* EXERCISE DATA:
====

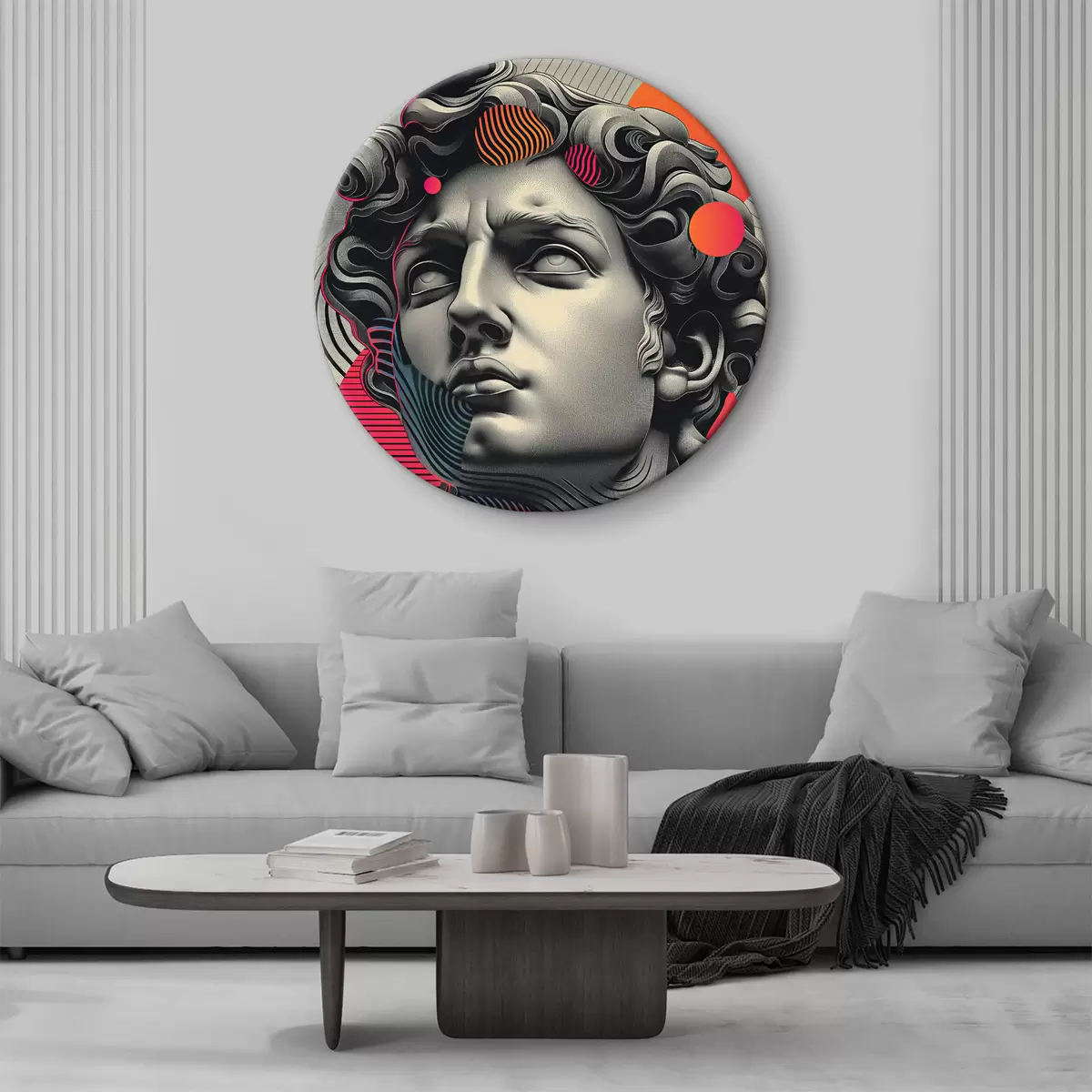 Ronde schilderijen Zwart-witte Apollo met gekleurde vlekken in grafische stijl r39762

====

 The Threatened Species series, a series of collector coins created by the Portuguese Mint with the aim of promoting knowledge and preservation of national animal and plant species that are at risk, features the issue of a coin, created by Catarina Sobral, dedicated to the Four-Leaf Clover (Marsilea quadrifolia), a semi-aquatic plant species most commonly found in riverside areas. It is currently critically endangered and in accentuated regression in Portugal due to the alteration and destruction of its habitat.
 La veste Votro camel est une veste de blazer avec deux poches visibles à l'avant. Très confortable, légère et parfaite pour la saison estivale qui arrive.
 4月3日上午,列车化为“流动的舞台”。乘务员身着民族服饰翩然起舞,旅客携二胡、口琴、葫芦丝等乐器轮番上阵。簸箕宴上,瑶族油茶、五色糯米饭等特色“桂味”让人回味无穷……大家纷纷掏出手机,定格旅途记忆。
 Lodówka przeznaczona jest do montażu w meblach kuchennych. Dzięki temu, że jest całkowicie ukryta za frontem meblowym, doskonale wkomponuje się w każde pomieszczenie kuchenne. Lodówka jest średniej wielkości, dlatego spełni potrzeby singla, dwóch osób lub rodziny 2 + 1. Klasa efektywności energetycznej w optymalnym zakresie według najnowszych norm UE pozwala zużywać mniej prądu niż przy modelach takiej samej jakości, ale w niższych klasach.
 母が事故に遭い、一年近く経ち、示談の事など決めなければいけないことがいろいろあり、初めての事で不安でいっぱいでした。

====

* PROBLEM: Copy back the listing above exactly, but only from the line with "Lodówka przeznaczona jest" through the line with "母が事故に遭い、一年近く経ち", both ends included.

* WRITTEN RESPONSE:
 Lodówka przeznaczona jest do montażu w meblach kuchennych. Dzięki temu, że jest całkowicie ukryta za frontem meblowym, doskonale wkomponuje się w każde pomieszczenie kuchenne. Lodówka jest średniej wielkości, dlatego spełni potrzeby singla, dwóch osób lub rodziny 2 + 1. Klasa efektywności energetycznej w optymalnym zakresie według najnowszych norm UE pozwala zużywać mniej prądu niż przy modelach takiej samej jakości, ale w niższych klasach.
 母が事故に遭い、一年近く経ち、示談の事など決めなければいけないことがいろいろあり、初めての事で不安でいっぱいでした。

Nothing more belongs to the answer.